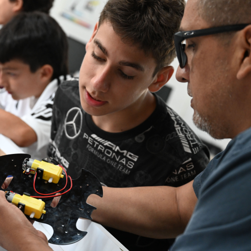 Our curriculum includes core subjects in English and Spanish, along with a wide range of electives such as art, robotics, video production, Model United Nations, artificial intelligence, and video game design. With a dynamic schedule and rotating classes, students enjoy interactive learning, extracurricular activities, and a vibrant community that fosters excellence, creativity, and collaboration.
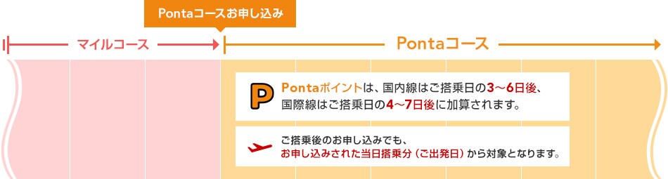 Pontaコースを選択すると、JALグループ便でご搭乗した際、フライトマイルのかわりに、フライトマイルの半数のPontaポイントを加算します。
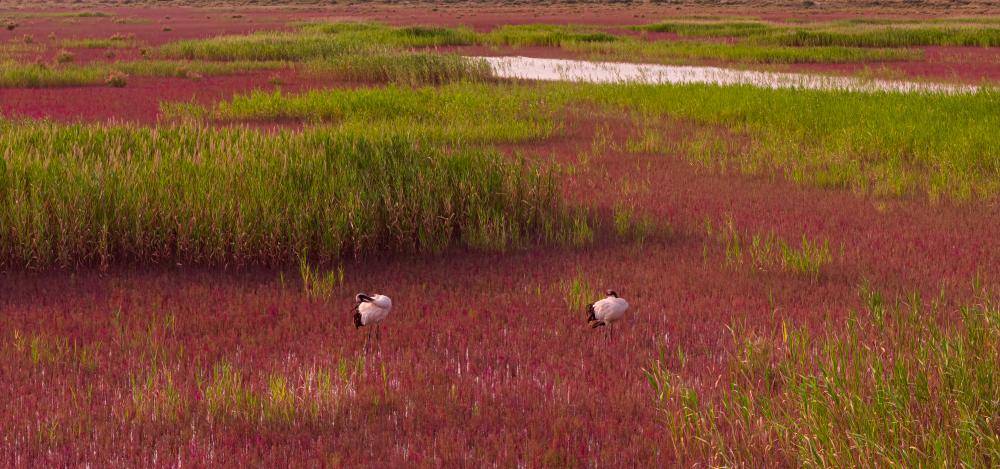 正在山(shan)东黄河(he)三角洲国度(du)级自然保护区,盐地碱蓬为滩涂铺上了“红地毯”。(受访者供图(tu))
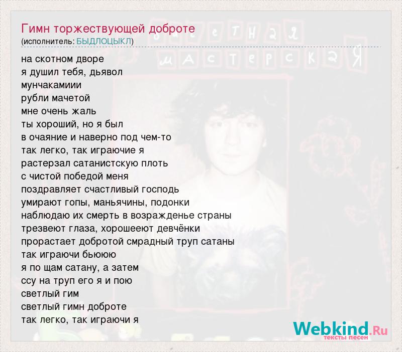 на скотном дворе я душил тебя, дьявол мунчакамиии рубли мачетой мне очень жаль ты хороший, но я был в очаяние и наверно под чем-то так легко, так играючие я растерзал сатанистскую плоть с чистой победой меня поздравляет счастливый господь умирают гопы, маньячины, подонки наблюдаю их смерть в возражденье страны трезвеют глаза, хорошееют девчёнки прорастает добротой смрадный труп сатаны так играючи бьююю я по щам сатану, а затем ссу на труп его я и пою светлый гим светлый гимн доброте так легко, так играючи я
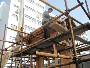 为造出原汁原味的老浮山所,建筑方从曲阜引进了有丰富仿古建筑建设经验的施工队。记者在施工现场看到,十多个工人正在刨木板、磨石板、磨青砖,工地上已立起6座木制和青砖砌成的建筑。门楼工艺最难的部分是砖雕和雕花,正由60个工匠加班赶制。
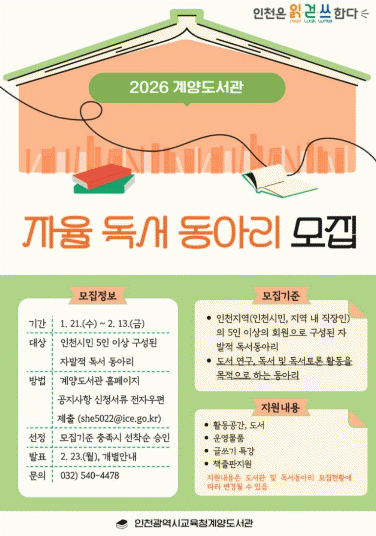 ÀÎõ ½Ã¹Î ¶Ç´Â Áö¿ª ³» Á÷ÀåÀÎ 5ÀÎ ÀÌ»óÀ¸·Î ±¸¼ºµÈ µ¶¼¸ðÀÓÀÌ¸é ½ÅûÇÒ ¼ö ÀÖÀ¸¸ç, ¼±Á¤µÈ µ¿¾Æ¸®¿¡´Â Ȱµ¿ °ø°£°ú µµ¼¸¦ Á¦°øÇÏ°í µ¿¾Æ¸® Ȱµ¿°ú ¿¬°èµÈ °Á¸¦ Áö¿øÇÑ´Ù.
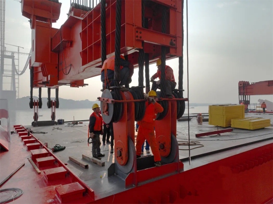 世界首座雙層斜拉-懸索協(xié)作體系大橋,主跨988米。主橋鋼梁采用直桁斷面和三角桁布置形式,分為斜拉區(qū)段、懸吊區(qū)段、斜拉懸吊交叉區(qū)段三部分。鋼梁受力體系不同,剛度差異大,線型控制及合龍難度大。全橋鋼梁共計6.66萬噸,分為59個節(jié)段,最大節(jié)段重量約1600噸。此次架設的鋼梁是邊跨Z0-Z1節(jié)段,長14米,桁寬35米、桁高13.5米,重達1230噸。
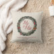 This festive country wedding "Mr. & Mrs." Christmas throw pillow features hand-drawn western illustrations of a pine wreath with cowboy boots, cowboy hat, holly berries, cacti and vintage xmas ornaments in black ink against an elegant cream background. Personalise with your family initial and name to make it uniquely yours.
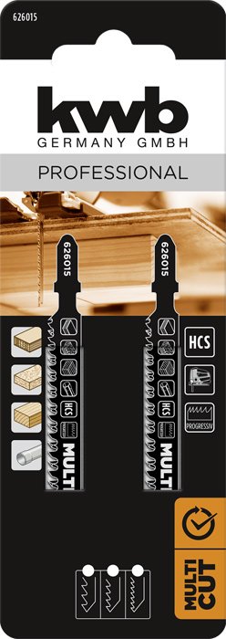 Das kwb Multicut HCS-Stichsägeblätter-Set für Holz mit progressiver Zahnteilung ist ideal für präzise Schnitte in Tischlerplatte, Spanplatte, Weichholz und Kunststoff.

┄┄┄┄┄┄┄┄┄┄┄┄┄┄┄┄┄┄┄┄

HOW TO COMPLETE THIS TASK>
Restate the material word for word from its first line through the line containing "正在山(shan)东黄河(h", both included; the pictures do not belong in it.

ANSWER TO THE EXERCISE>
 Our curriculum includes core subjects in English and Spanish, along with a wide range of electives such as art, robotics, video production, Model United Nations, artificial intelligence, and video game design. With a dynamic schedule and rotating classes, students enjoy interactive learning, extracurricular activities, and a vibrant community that fosters excellence, creativity, and collaboration.
 Pontaコースを選択すると、JALグループ便でご搭乗した際、フライトマイルのかわりに、フライトマイルの半数のPontaポイントを加算します。
 正在山(shan)东黄河(he)三角洲国度(du)级自然保护区,盐地碱蓬为滩涂铺上了“红地毯”。(受访者供图(tu))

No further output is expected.